The grievors filed a Statement of Facts. It said:
- At the time the grievances were filed, Niagara Detention Centre was on the list for decommissioning and closure.
- All are eligible to qualify for Factor 80 retirement consideration as did Warden.
- All grievors have grievances that are outstanding. B. Fraser has the same grievance outstanding that Warden signed off.
- In Spring 2003, Niagara Detention Centre was granted a temporary reprieve from closure for the “foreseeable future” due to province wide shortages of available beds. Niagara was placed on the list in Fall 1996.
- Warden’s settlement of March 10, 2003, is open and has not been signed off without prejudice.

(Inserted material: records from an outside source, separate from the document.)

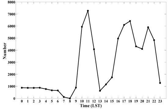 Since WACAL is not 24-h continuous observation like CL31, the data acquirability should be firstly analyzed to make the further work more reliable. Figure 11 shows the data acquirability per hour, and the x-axis represents each 1-h interval over 24 h, which is same as the Figure 5a. The time resolution of WACAL is 16 s, thus 1 h has 8325 data size in the 37-day observations from 8 July to 15 August. In this statistic, the hour with total observed number larger than 4000 is chosen to make comparison with CL31. As a result, 10 h, at 10:00, 11:00, 12:00, 16:00, 17:00, 18:00, 19:00, 20:00, 21:00 and 22:00, are selected as WACAL dataset for diurnal comparison. Moreover, the time period of 10:00–12:00, 16:00–19:00, and 20:00–22:00 can represent the cloud characteristics at forenoon, afternoon, and night period, respectively.
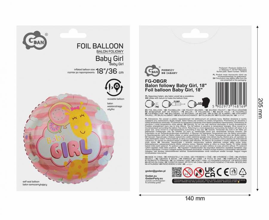 Vneste něhu a radost do oslav příchodu malého děvčátka s tímto krásným fóliovým balonkem Baby Girl. Jemný růžový design s pruhy, usměvavou žirafou a balónkem vytváří milou a vřelou atmosféru. Balonek se skvěle hodí na výzdobu baby shower, první návštěvy u novorozence nebo jako doplněk ke květině či dárkovému koši.
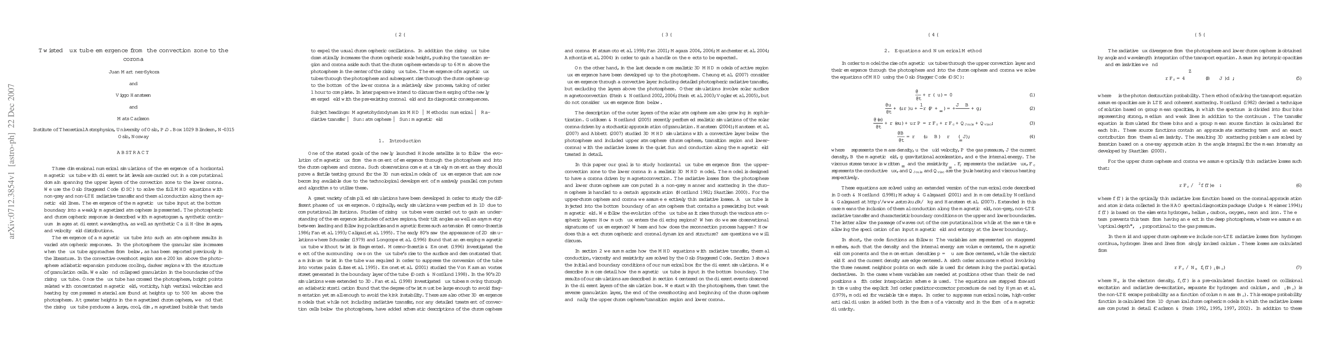 This paper uses 3D MHD simulations to study the emergence of twisted magnetic flux tubes from the convection zone to the corona, detailing the atmospheric responses, including granular size changes, cooling regions, and the formation of bright points and magnetized bubbles in the chromosphere. The process is shown to extend up to 6Mm above the photosphere over an hour.
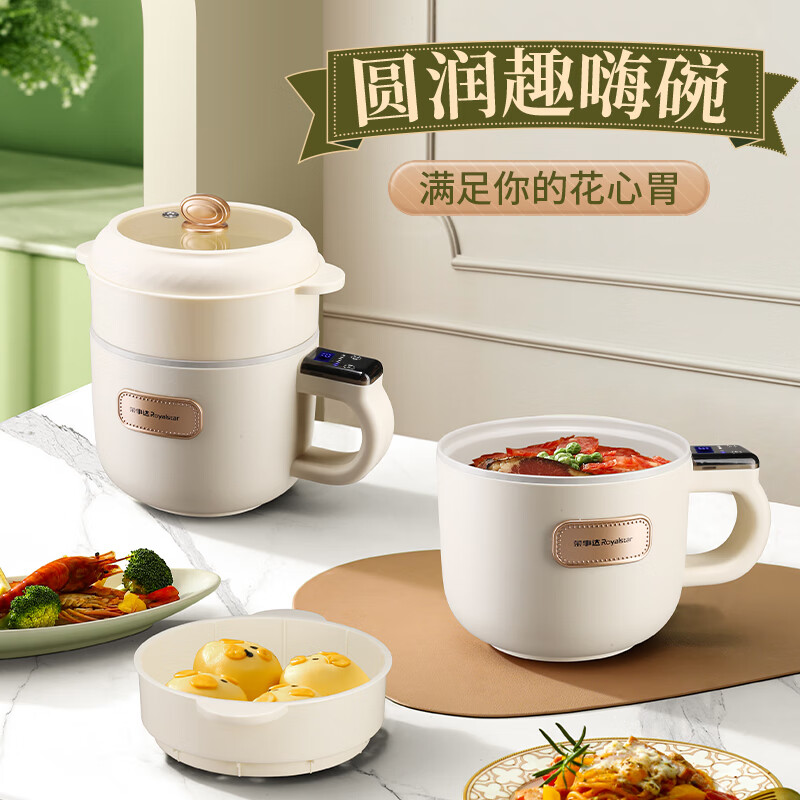 荣事达(Royalstar)电煮锅多功能迷你电热锅家用电蒸锅学生宿舍煮面锅小电锅一体1.5L电火锅 蒸笼DZG12M(ZL)价格:89.90元!
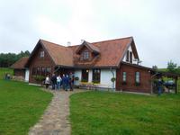 Unsere örtliche Führerin Janina holte uns vom Hotel ab und wirfuhren sofort nach Rastenburg. Die vom Deutschen Orden gegründete Stadt wird von der monumentalen Kirche dominiert, die wie eine Burg mit zwei mächtigen quaderförmigen Türmen auf dem höchsten Punkt gebaut wurde. Am Fuß dieser Gottesburg liegt die gut erhaltene Ordensburg, die heute ein Museum birgt. Wir durchquerten den Ort, sahen auch das Rathaus mit dem Stadtwappen, einem Bär unter drei Fichten, und fuhren durch dichte Waldgebiete zur Wolfsschanze, dem ehemaligen Hauptquartier der nationalsozialistischen Heeresleitung unter Führung von Hitler. Auf dem Weg lag das Örtchen Karlshof, wo sich eine der bedeutendsten psychiatrischen Heilanstalten Ostpreußens befand. Als die Organisation Todt unweit von dort den Bau der Wolfsschanze beschlossen hatte, bedeutete dies das Aus für die Insassen und der gesamte Gebäudekomplex wurde requiriert. Ein Stück weiter liegt mitten im Wald das von der Wehrmach beim Abzug gesprengte Areal der Wehrmachtsführung. Dem Stabsoffizier Stauffenberg misslang am 20. Juli 1944 hier ein Attentat auf Hitler, woraufhin viele Beteiligte verhaftet und nach einem Schauprozess hingerichtet wurden. Zu den Verschwörern zählten auch Angehörige alter ostpreußischer Familien, wie den Dönhoffs. Herr Jaroslaw, der sich seit Jahrzehnten mit der Region beschäftigt, über die er auch mehrere Bücher veröffentlicht hat, erwartete uns auf dem Parkplatz und erläuterte Geschichte und Topografie des Geländes. Anschließend konnte man bei ihm seine auch deutsch publizierten Bücher erwerben.
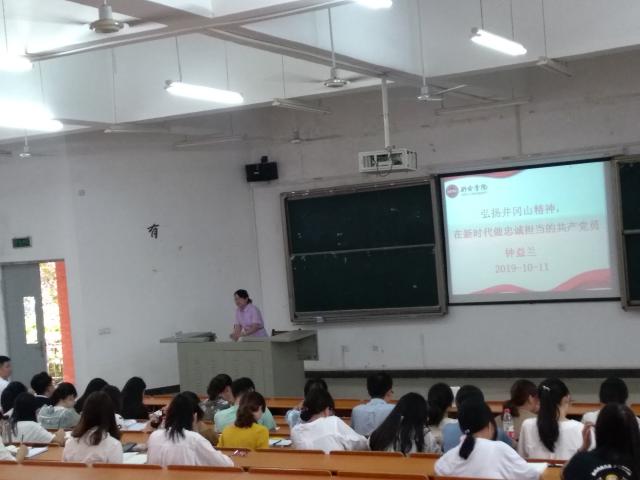 党课围绕“习近平总书记有关共产党人初心和使命的重要讲话”、“井冈山精神的内涵及其时代意义”、“共产党的忠诚”、“共产党的担当”四个方面进行宣讲。钟益兰副书记强调“对党具有深厚感情才能对党绝对忠诚”,党员干部要工作有感情、有热情、有激情。
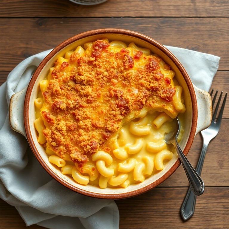 A creamy, cheesy baked pasta dish made with minimal ingredients, perfect for picky eaters who prefer simple flavors without vegetables or seafood. This homestyle mac and cheese bake features a smooth cheese sauce with a golden, crispy breadcrumb topping for indulgent satisfaction.
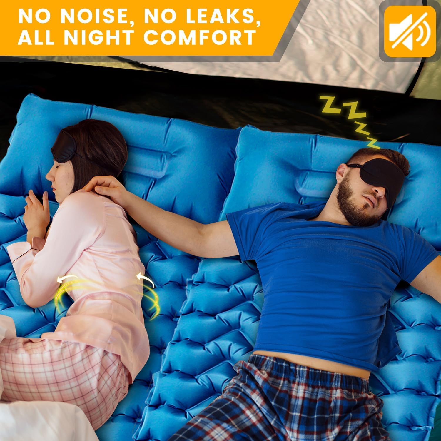 1. Ultimate Comfort Camp Pad: V-Shape Support + 4in Thick, Zero ground contact for side sleepers. A 4in thick air layer combined provides strong lifting force. Hips and shoulders stay completely suspended during side sleeping—no more pressure from hard ground. Quiet & non-slip surface ensures silent movement and undisturbed sleep. Camping sleep pad built-in pillow: contoured to support your neck curve, eliminating gaps between your head and shoulders. Holds up to 400 lbs for any body shape.
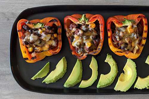 These grilled bell peppers stuffed with spicy chorizo, black beans, and veggies are a flavorful and healthy summer entrée.
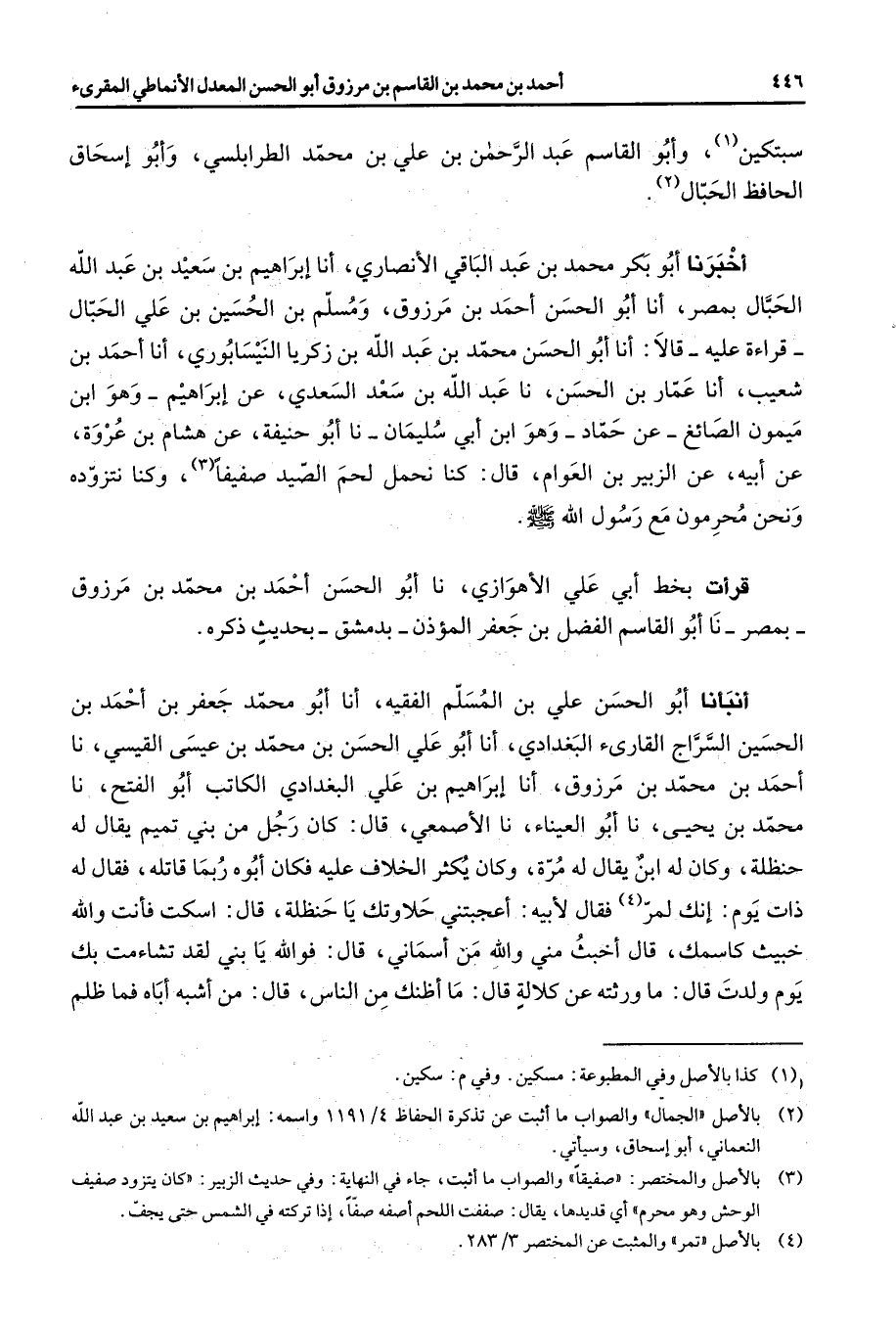 سبتكين (1) وأبو القاسم عبد الرحمن بن علي بن محمد الطرابلسي وأبو إسحاق الحافظ الحبال (2) أخبرنا أبو بكر محمد بن عبد الباقي الأنصاري أنا إبراهيم بن سعيد بن عبد الله الحبال بمصر أنا أبو الحسن أحمد بن مرزوق ومسلم بن الحسين بن علي الحبال قراءة عليه قالا أنا أبو الحسن محمد بن عبد الله ابن زكريا النيسابوري أنا أحمد بن شعيب أنا عمار بن الحسن نا عبد الله بن سعد السعدي عن إبراهيم وهو ابن ميمون الصائغ عن حماد وهو ابن أبي سليمان نا أبو حنيفة عن هشام بن عروة عن أبيه عن الزبير بن العوام قال كنا نحمل لحم الصيد صفيفا (3) وكنا نتزوده ونحن محرومون مع رسول الله (صلى الله عليه وسلم) قرأت بخط أبي علي الأهوازي نا أبو الحسن أحمد بن محمد بن مرزوق بمصر نا أبو القاسم الفضل بن جعفر المؤذن بدمشق بحديث ذكره أنبأنا أبو الحسن علي بن المسلم الفقيه أنا أبو محمد جعفر بن أحمد بن الحسين السراج القارئ البغدادي أنا أبو علي الحسن بن محمد بن عيسى القيسي نا أحمد بن محمد بن مرزوق أنا إبراهيم ابن علي البغدادي الكاتب أبو الفتح نا محمد بن يحيى نا أبو العيناء نا الأصمعي قال كان رجل من بني تميم يقال له حنظلة وكان له ابن يقال له مرة وكان يكثر الخلاف عليه فكان أبوه ربما قاتله فقال له ذات يوم إنك لمر (4) فقال لأبيه أعجبتني حلاوتك يا حنظلة قال اسكت فأنت والله خبيث كإسمك قال أخبث مني والله من أسماني قال فو الله يا بني لقد تشاءمت بك يوم ولدت قال ما ورثته عن كلالة قال ما أظنك من الناس قال من أشبه أباه فما ظلم
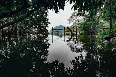 Đi qua thác nước thứ 2, du khách sẽ đi ngang qua một cái cây cầu gỗ nhỏ. Đến đây không gian đột ngột trở nên yên tĩnh tuyệt đối, không còn nghe thấy tiếng thác nước đổ, dù không cách xa lắm. Đứng trong bầu không khí tĩnh lặng, ngắm mặt hồ nước trong veo êm ả, phía xa xa là dãy núi phủ đầy canh xanh... tất cả như một bức tranh thiên nhiên khiến du khách như cảm thấy mình đang ở giữa chốn bồng lai.

- All employees aforementioned as grievors, desire equal treatment as afforded to Warden in his settlement of March 10, 2003. All aforementioned grievors are long time civil servants, eligible for factor 80, and have been long time employees at the same work site (Niagara Detention Centre).
While the Employer was not in a position to agree to all of the above facts, I am prepared to accept them for the purposes of this decision.
I assume that the grievors are of the view that because the parties signed a Memorandum of Agreement that was not said to be without prejudice for one particular employee then it should be automatically applied to all others in similar circumstances. Simply put, that assertion is wrong. There is nothing that obliges this Employer to apply a Memorandum of Settlement concerning an individual grievance to any other employee unless the Memorandum of Agreement so indicates, irrespective of whether the Settlement is with or without prejudice. The fact that the agreement was not “without prejudice” does not convert Mr. Warden’s grievance into a policy grievance or a group grievance. Neither does it mean that others with identical grievances and similar circumstances are entitled to the same treatment. Generally speaking, “without prejudice” means that the parties to the agreement are exempted from its contents to the extent that those contents might be interpreted as containing admissions which could be used at a later time. It certainly does not mean that the contents of the agreement apply to anyone other than Mr. Warden.
There has been no violation of the collective agreement or any other agreement and therefore the grievances are denied.
Dated in Toronto this 1st day of April 2004.